As for these hotcakes, well let their taste speak and that heady aroma of coffee in the kitchen for themselves. Then perhaps you can sit down and contemplate whether you are eating hotcakes or pancakes because I really don’t know the difference between the two and truth be known, I really don’t care, as long as they taste great.
Coffee Hotcakes with Rosy Red Oranges
adapted from Delicious Magazine, June 2005
serves 4
1 1/3 cups (200g) self-raising flour
1 tbsp instant coffee granules
½ tsp bicarbonate of soda
1 tsp baking powder
1 tbs golden caster sugar
1 egg, separated
200g Greek yoghurt
200ml milk
20g unsalted butter, melted, plus extra to brush
To serve
Rosy red oranges, peeled and segmented
Icing sugar, to dust
Maple syrup or honey
Sift the flour, soda and baking powder into a bowl and stir in the coffee and sugar.
In a separate bowl, beat together the egg yolk, yoghurt, milk and melted butter.
Beat in the dry ingredients.
Place the eggwhite in a separate bowl and whisk until soft peaks form.

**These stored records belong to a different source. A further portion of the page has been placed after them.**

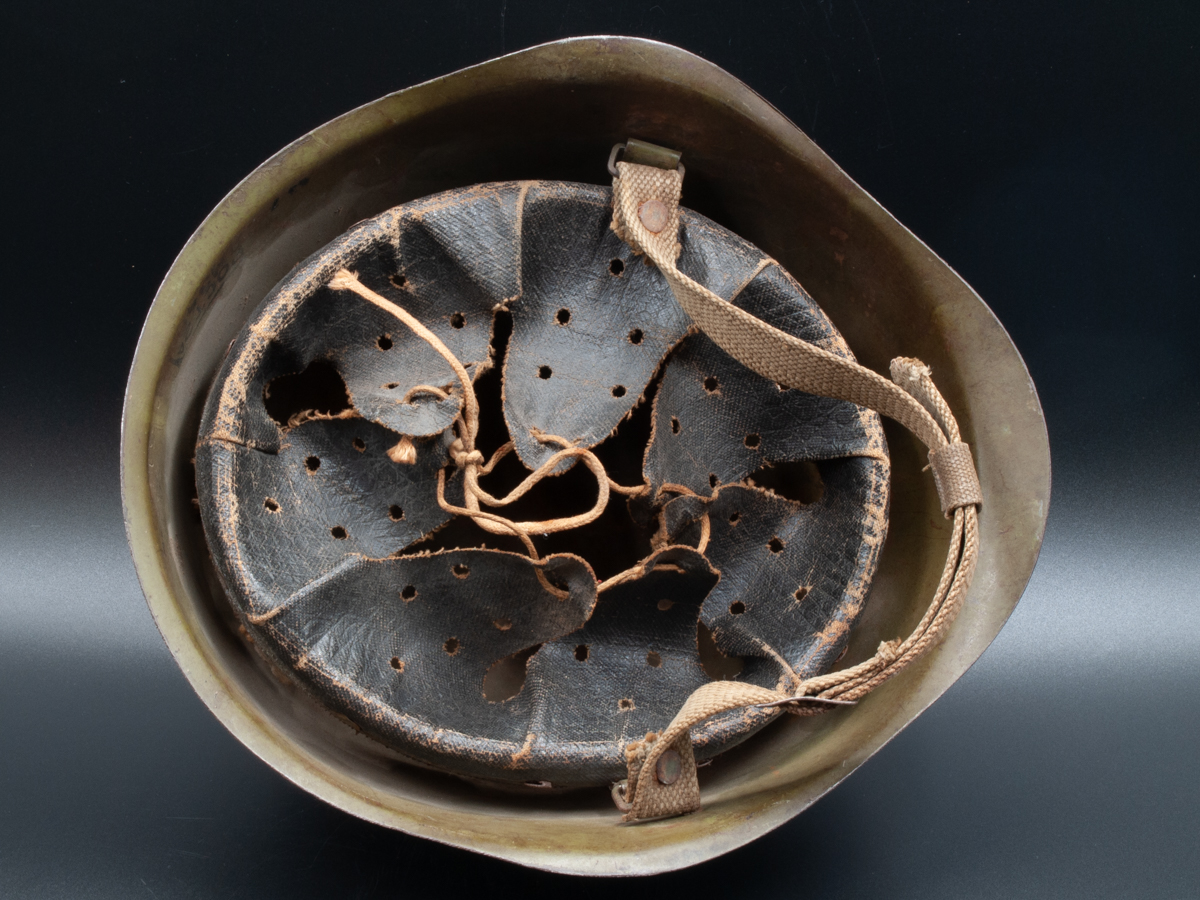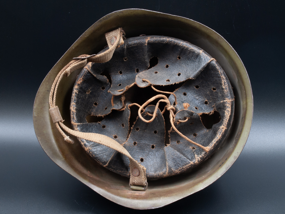 The helmet is “Poct2” which corresponds to a size two, or medium size. It has the rare, early oil cloth liner.
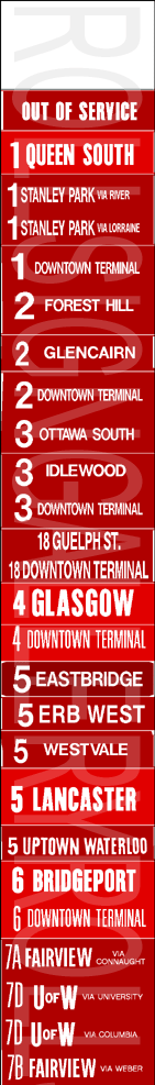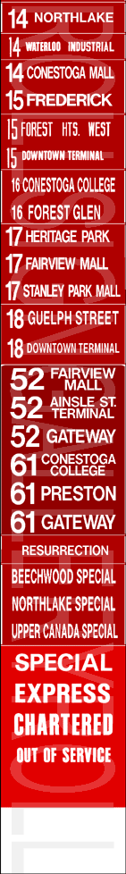 | Rollsigns from Grand River Transit Kitchener and Cambridge, Ontario |
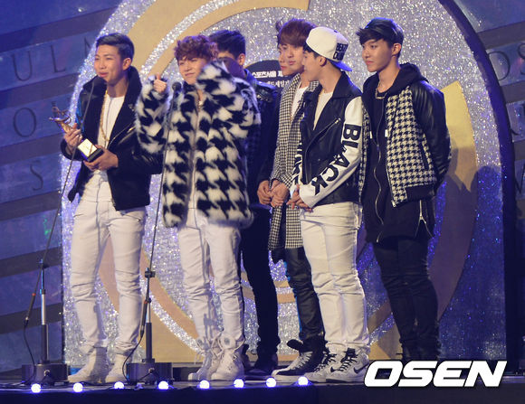 신인상을 수상한 방탄소년단이 소감을 전하고 있다.

Fold the eggwhites into the batter.
Brush a non-stick frypan with melted butter and place over medium-high heat.
Drop 1/4 –cup of mixture into the pan for 1-2 minutes until golden.
Flip over and cook for a further minute until golden on other side.
Transfer to a baking tray loosely covered with foil, and keep warm in a low oven while you make the remaining hotcakes.
Serve 2-3 hotcakes per person with some sliced rosy red oranges.
Drizzle with some maple syrup or honey and dust with icing sugar.
Even though this is all wrapped up in pretty blue ribbon, no, this isn’t the surprise I was talking about before. I know some of you have been anticipating with bated breath what this surprise is. And I do hope that it eventually lives up to all this hype I have inadvertently bestowed it with. But I just have to find the time to make it, just for the simple fact that I don’t want to rush it. I only a have a small portion of the stuff, so I must be cautious lest I ruin it and have nothing to show.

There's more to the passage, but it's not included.